Start of DATASET CONTENT
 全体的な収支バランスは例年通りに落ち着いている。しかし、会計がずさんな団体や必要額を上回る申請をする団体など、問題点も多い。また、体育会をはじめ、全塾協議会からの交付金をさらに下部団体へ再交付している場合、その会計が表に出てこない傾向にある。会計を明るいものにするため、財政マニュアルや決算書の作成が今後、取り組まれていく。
End of DATASET CONTENT
Start of DATASET CONTENT
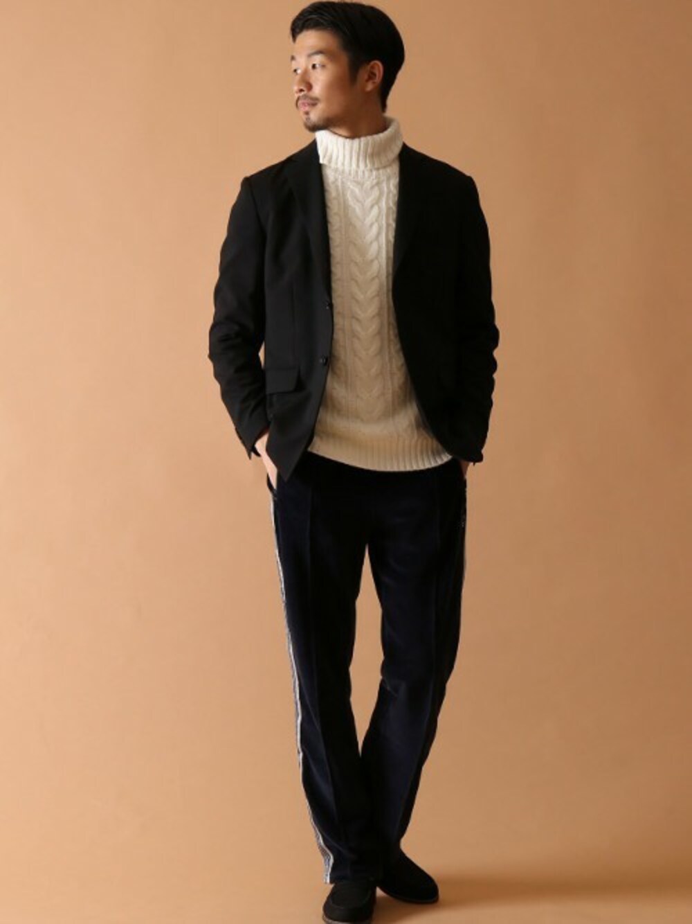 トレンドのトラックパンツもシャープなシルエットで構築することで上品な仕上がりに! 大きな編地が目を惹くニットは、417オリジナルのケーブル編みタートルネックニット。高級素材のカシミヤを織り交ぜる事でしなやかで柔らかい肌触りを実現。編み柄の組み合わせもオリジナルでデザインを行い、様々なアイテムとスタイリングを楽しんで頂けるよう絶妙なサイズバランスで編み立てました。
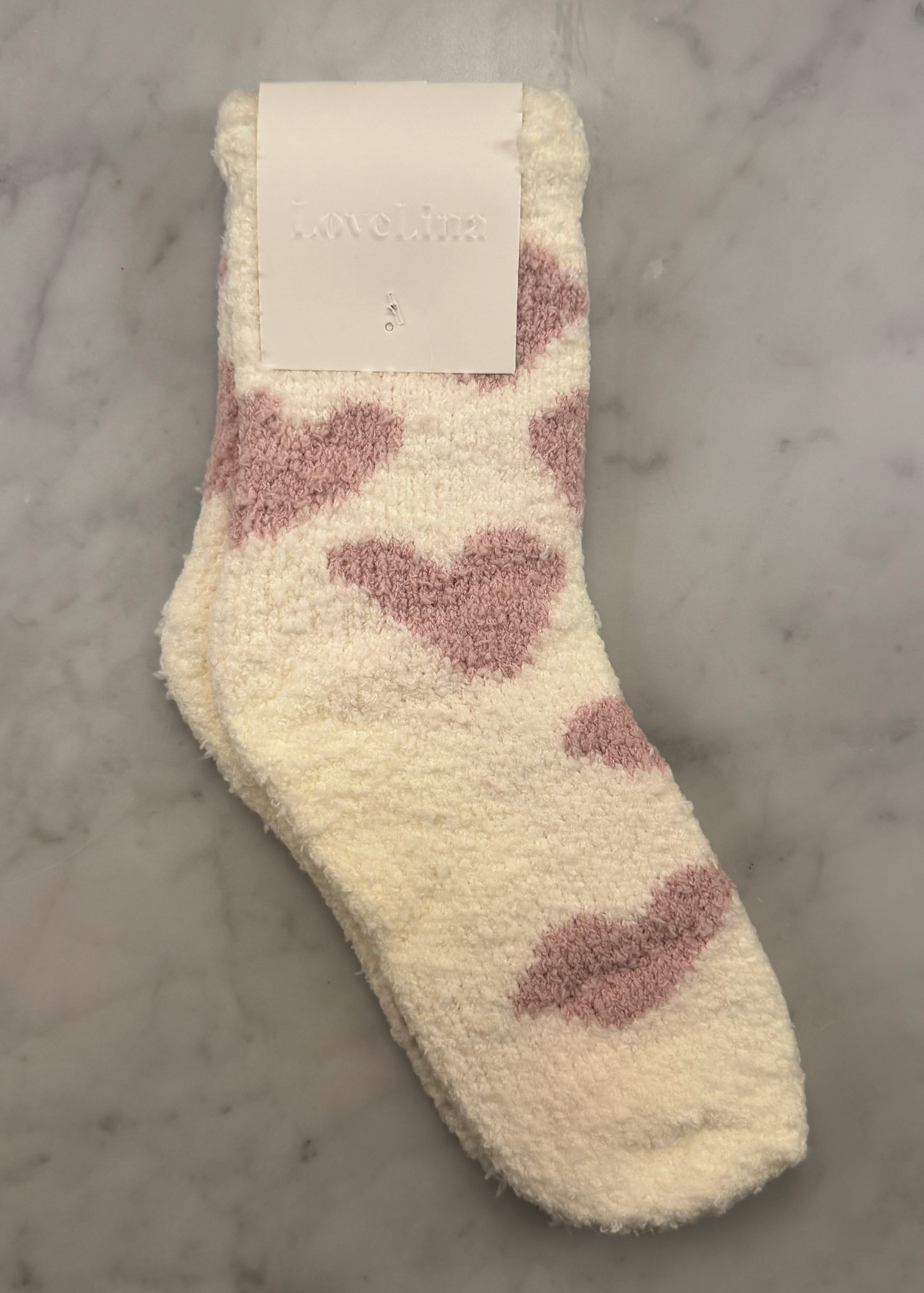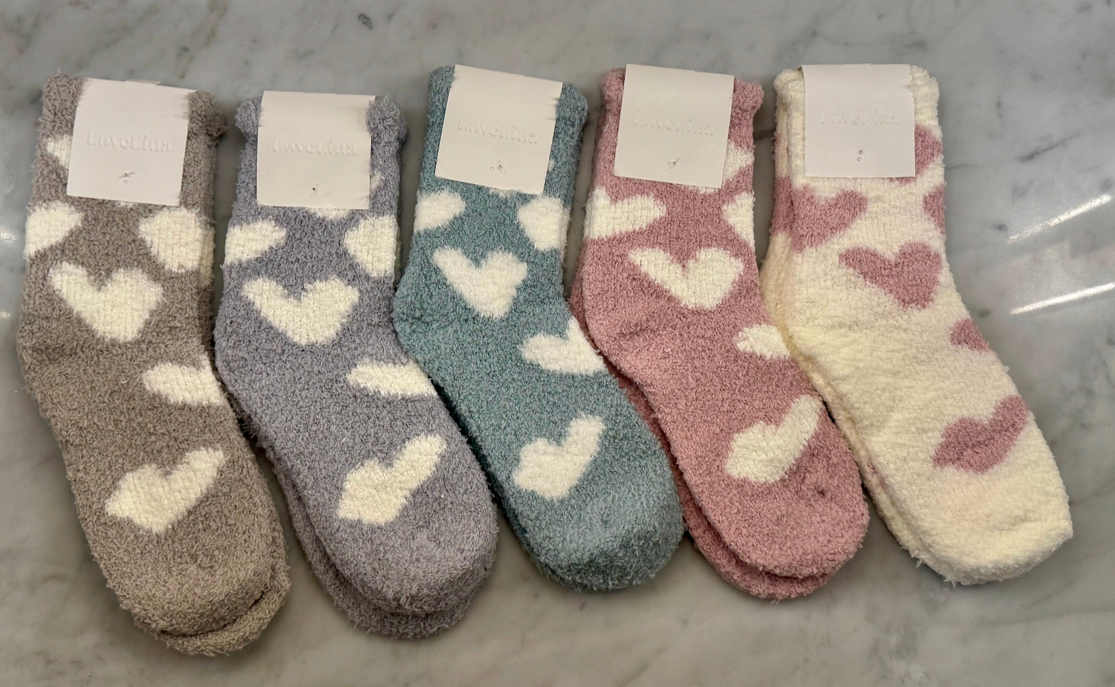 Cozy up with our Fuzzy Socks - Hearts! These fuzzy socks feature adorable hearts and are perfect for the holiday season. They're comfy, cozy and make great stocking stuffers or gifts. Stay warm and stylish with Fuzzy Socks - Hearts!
End of DATASET CONTENT
Start of DATASET CONTENT
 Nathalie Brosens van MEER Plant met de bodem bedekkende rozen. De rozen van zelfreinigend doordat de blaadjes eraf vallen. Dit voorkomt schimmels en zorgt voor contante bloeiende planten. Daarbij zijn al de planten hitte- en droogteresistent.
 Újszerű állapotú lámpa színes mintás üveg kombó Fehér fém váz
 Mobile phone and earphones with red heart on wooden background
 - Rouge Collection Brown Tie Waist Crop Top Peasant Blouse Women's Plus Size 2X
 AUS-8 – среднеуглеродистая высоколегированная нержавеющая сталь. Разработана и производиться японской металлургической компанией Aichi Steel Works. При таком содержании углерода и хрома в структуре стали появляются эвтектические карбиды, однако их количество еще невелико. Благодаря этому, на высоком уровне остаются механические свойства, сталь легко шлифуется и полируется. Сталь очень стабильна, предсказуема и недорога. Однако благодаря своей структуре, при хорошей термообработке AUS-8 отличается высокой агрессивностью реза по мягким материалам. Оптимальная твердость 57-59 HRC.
End of DATASET CONTENT
> _TASK TO CARRY OUT_: From the line holding "Nathalie Brosens van" to the line holding "- Rouge Collection", inclusive, restate each line above exactly as written.

> _SOLUTION TO THIS TASK_:
 Nathalie Brosens van MEER Plant met de bodem bedekkende rozen. De rozen van zelfreinigend doordat de blaadjes eraf vallen. Dit voorkomt schimmels en zorgt voor contante bloeiende planten. Daarbij zijn al de planten hitte- en droogteresistent.
 Újszerű állapotú lámpa színes mintás üveg kombó Fehér fém váz
 Mobile phone and earphones with red heart on wooden background
 - Rouge Collection Brown Tie Waist Crop Top Peasant Blouse Women's Plus Size 2X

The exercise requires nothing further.